#### MATERIAL PROVIDED
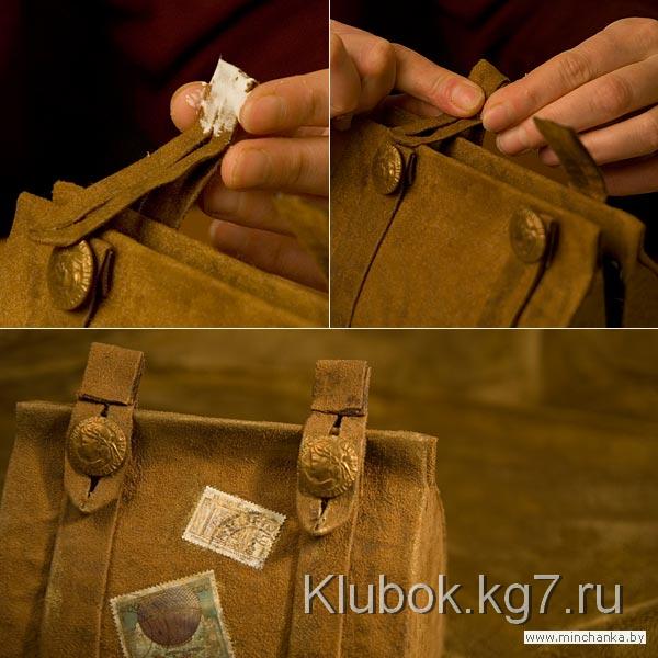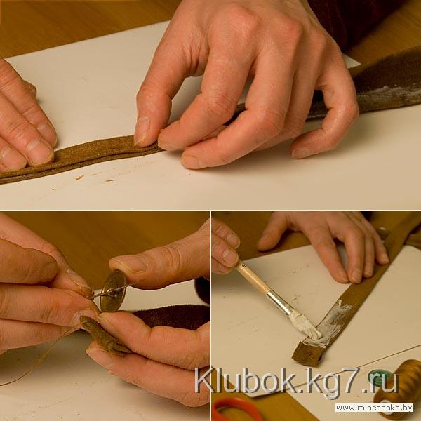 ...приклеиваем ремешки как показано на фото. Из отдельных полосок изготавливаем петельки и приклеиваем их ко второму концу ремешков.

...

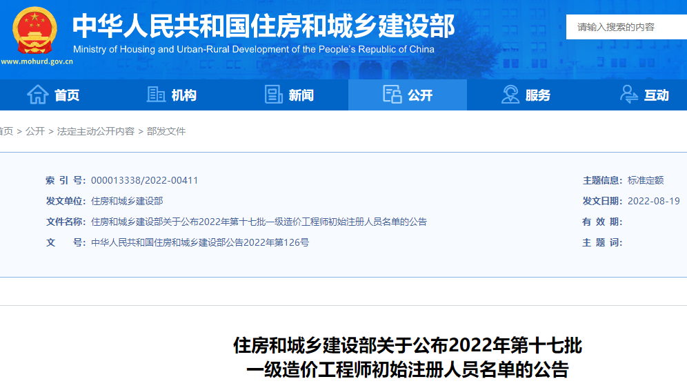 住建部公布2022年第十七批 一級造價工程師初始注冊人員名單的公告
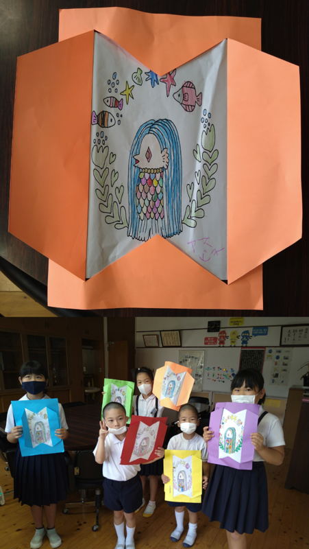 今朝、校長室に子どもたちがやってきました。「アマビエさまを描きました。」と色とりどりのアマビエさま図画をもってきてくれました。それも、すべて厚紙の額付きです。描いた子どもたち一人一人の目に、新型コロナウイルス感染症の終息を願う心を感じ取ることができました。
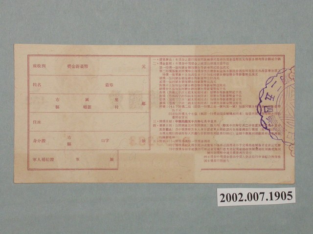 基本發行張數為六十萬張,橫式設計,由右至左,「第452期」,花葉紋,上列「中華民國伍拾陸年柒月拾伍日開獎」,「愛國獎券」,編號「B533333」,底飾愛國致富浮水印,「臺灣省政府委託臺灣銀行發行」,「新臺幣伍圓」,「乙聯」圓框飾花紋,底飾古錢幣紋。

#### WORK TO BE COMPLETED
Those lines of the records above that run from the one containing "住建部公布2022年第十七批 一級造價工程師初始注冊人員名單的公告" through the one containing "基本發行張數為六十萬張,橫式" should be returned exactly, with no pictures among them.

#### RESULT OF THIS EXERCISE
 住建部公布2022年第十七批 一級造價工程師初始注冊人員名單的公告
 今朝、校長室に子どもたちがやってきました。「アマビエさまを描きました。」と色とりどりのアマビエさま図画をもってきてくれました。それも、すべて厚紙の額付きです。描いた子どもたち一人一人の目に、新型コロナウイルス感染症の終息を願う心を感じ取ることができました。
 基本發行張數為六十萬張,橫式設計,由右至左,「第452期」,花葉紋,上列「中華民國伍拾陸年柒月拾伍日開獎」,「愛國獎券」,編號「B533333」,底飾愛國致富浮水印,「臺灣省政府委託臺灣銀行發行」,「新臺幣伍圓」,「乙聯」圓框飾花紋,底飾古錢幣紋。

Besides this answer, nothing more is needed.